How do you catch a killer…
When the only evidence is a dream?
James Garrett was critically injured when he was shot following his parents’ execution, and no one expected him to waken from a deep, traumatic coma. When he does, nine years later, Detective Inspector Rebecca Kent is tasked with closing the case that her now retired colleague, Theodore Tate, failed to solve all those years ago.
But between that, and hunting for Copy Joe – a murderer on a spree, who’s imitating Christchurch’s most notorious serial killer – she’s going to need Tate’s help. Especially when they learn that James has lived out another life in his nine-year coma, and there are things he couldn’t possibly know, including the fact that Copy Joe isn’t the only serial killer in town…
Review
A brief look in any bookshop and you will soon see how big the thriller genre is! So, to be able to stand out from the crowd in an unusual or good way, to be better than those around you, the book really needs to be remarkably good. The Pain Tourist by Paul Cleave does so because it is clever, intricately plotted and pays attention to the elements that matter, character, setting and story.
So many thrillers are all just about the ‘twist’ in the narrative, the cover literally shouting at you, that you’ll never see the curve ball being thrown at the reader. Sadly, more often than not, you do, that and you end up feeling buffeted by the constant blows as the story twists so often, the story becoming lost in amongst the maelstrom of events. The story too hard to follow, without the aid of some paracetamol and a lie down in a dark room. Here, in The Pain Tourist, the twists and turns that are a staple part of the thriller genre are used sparingly and as a result have far more impact. The drama becoming subtle, intricately woven into the story and not dominating it. God, how I loved that, that feeling that you just have to read one more chapter, than one more, because you are drawn in, so involved that sleep becomes a luxury and not a necessity. Paul Cleave for me understands that less is more and uses that with such skill, you really don’t see as he leads you down a one-way street, forcing you then to do an about turn, leaving previous assumptions behind you.
The story contains multiple threads, which if they are to work, need to be woven together perfectly, or it all unravels into an impregnable mess. To me they worked utterly and by the end, it felt that I was looking at the literary equivalent of one of my grandmother’s pieces of embroidery, where you could never tell the difference between the back and the front, so great was her skill and talent. In The Pain Tourist we have three stories running side by side, with multiple characters connecting them. James Garret and his parent’s murders, a copycat killer whose thirst for fame and notoriety bring terror to Christchurch and a killer who has stalked the women of this city while hiding in plain sight. At no point does it become confused, start to unravel or lose its way! Perfection as far as I am concerned.
The characters are brilliant, so much so I hope and pray this is not the last we hear of them. Detective Inspector Rebecca Kent and former police officer Theodore Tate are like all of us flawed, but at their very core, they are good people. Good people make mistakes, are even capable of actions many of us would find it difficult to imagine doing ourselves, but that is where the author pull out his ace card, he shows that under the right circumstances, any person can do things out of desperation, self-preservation, even from a place of pain and revenge. He plays off the more law-abiding Kent against Tate, whose past has created a more fluid character, whose pain and addictive nature makes him more capable of straying from the ‘acceptable’ path, because he reacts to the pull of the darker side of his nature.

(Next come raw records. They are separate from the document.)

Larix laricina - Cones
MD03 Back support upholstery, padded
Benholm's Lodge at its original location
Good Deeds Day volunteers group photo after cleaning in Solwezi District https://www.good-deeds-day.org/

This a novel from the pen of an author whose books don’t need statements such as ‘you will never see the twist coming’ flashing from the front cover, his writing speaks for itself. It is superb and you really need to add it to your book collection, thriller reader or not, because words are used as weapons, not stickers and endless hackneyed over used phrases stuck to the front cover.
You can purchase this novel directly from the publisher Orenda Books. From Waterstones and Amazon or from your local independent bookshop!
About the author

Paul is an award winning author who often divides his time between his home city of Christchurch, New Zealand, where most of his novels are set, and Europe. He’s won the New Zealand Ngaio Marsh Award three times, the Saint-Maur book festival’s crime novel of the year award in France, and has been shortlisted for the Edgar and the Barry in the US and the Ned Kelly in Australia. HIs books have been translated into over twenty languages. He’s thrown his Frisbee in over forty countries, plays tennis badly, golf even worse, and has two cats – which is often two too many. The critically acclaimed The Quiet People was published in 2021, with The Pain Tourist to follow in 2022.